Pero a la mañana siguiente, siguió la misma cantinela. Había momentos en que pensaba que un día nos despertaríamos y volveríamos a ser los de antes. Desde fuera hasta parecía que todo seguía igual. Estuvimos un par de meses así. Pensé que él se acabaría cansando de ella. Yo cada día estaba más delgada, no dormía. Hablamos y decidimos darnos seis meses separados, así el vivía esa aventura. No veíamos otra alternativa y no duraría eternamente, no podía durar. Los dos estábamos convencidos de eso.
Me fui a vivir a un apartamento sola.

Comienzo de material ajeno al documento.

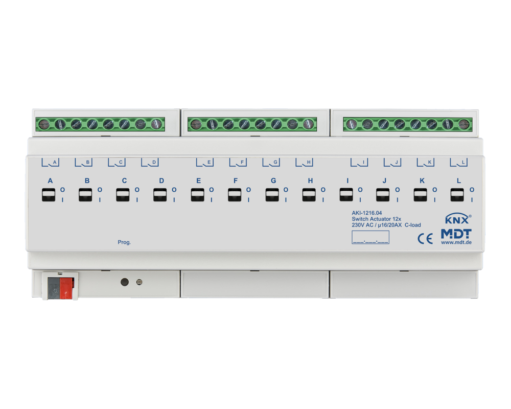 KNX stikalni aktuator, 12-kanalni, 12 SU MDRC, 16/20 A, 230 V AC, C-obremenitev, industrija, 200 ?F. Industrijska izvedba z bistabilnimi releji, maks. tok 16/20 A, kapacitivna obremenitev 200 µF. Celovita uporaba. Mehansko ročno aktiviranje za takojšnje delovanje relejnega kontakta. Vidno stanje. Normalno odprt in normalno zaprt. Časovne funkcije (zakasnitev vklopa/izklopa). Celovite funkcije osvetlitve stopnišča in impulzov. Razširjena logika in funkcija scene na kanal. Razširjene funkcije stanja (obrnjeno, ciklično, med zaklepanjem). Pragovno stikalo (1 bajt/2 bajta/2 bajta s plavajočo napetostjo). Števec obratovalnih ur. Prednostno/prisilno delovanje z avtomatskim časom sprostitve. 4 mm? priključne sponke. Posamezne L-priključki. Napajanje prek vodila KNX. Hiter prenos aplikacije (podpora za dolge okvirje od ETS 5). 3-letna garancija. PODATKOVNI LIST
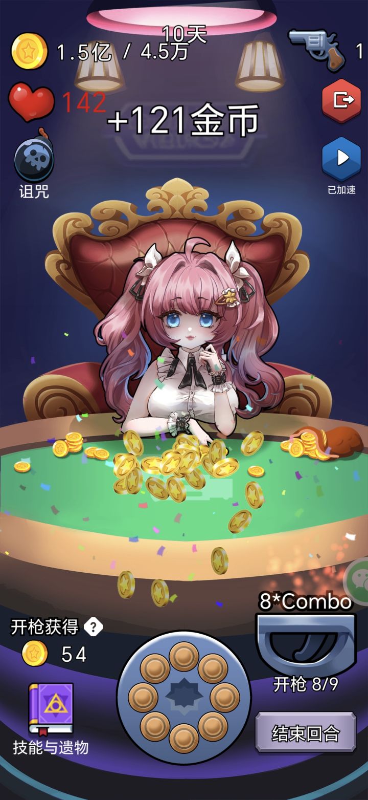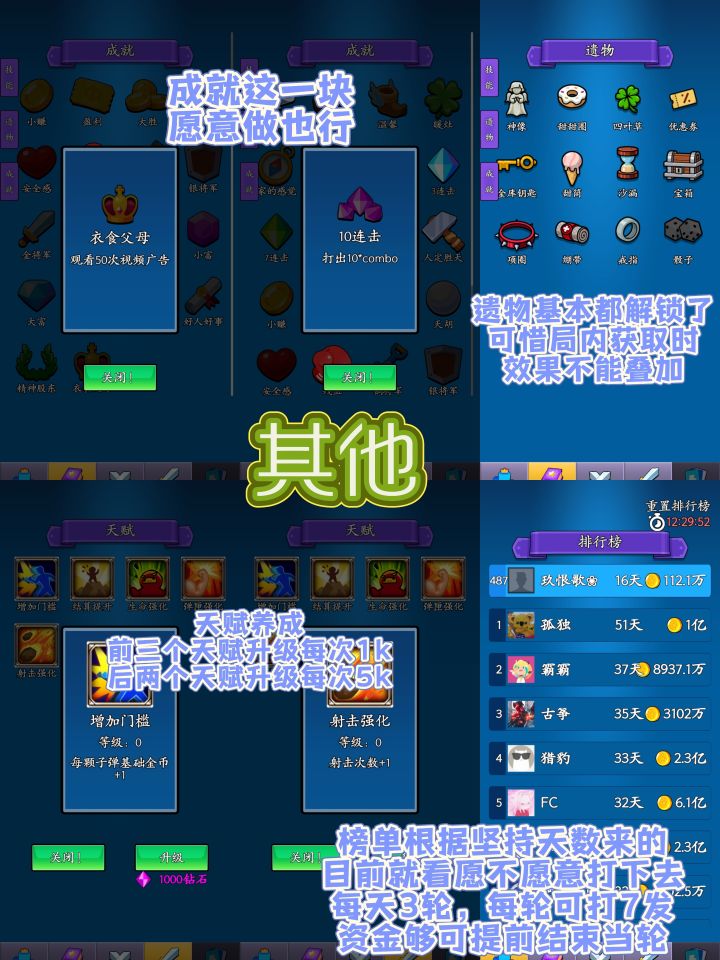 幸运草和叉子,如果有,一定要选 ,这会保证你:第一枪和最后一枪无法受到伤害 。一开局金币的要求很少,可以先提升血量,其次,在增加金币效益。不然,很难保证你能活下去 。选择技能一定要利益最大化 ,三个技能 ,如果没有血量就优先选回血量最多的 。或者说,可以保证游戏继续下去 ,就选目前对自己最有利的技能 :比如,有幸运草,首选技能就是精准预测。后期子弹越放越多就是,子弹风暴和熵增弹仓。诅咒一定不能选:减少开枪次数和上弹次数,这到后期可能会是致命的最大因素 。
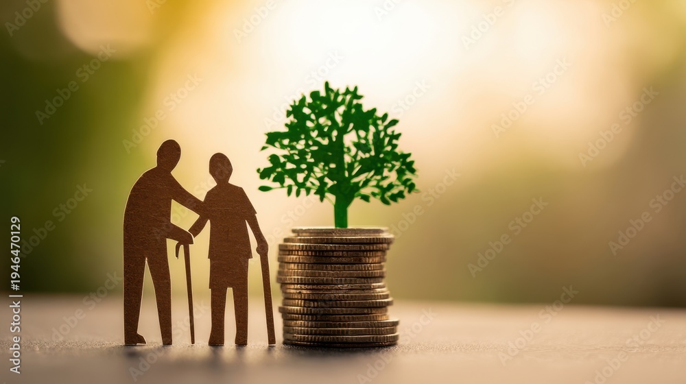 The elderly couple beside a growing money tree symbolizing retirement savings and financial security #1946470129

Perdí casi quince kilos en esos seis meses. Los colegas del trabajo me decían que parecía un chupa-chups porque era pura cabeza. Yo había dejado de vivir en cierto modo, solo estaba esperando. Llegaba a casa y marcaba en un calendario que tenía en la pared de la cocina, los días que habían pasado desde que nos habíamos separado. Cuando marqué el último día de los seis meses lo llamé por teléfono. ¿Y sabes lo que me dijo?
—No sé, no sé.¿Que se quería separar? ¿Que quería volver?
—No. Me dijo: «No me lo puedo creer ¿Ya han pasado seis meses?». Y ya no hizo falta más. A los pocos días me enteré de que el anfitrión de la fiesta, el marido de ella, se había estrellado con el coche contra un árbol. Iba borracho, pero todos pensaron, como yo, que se había suicidado.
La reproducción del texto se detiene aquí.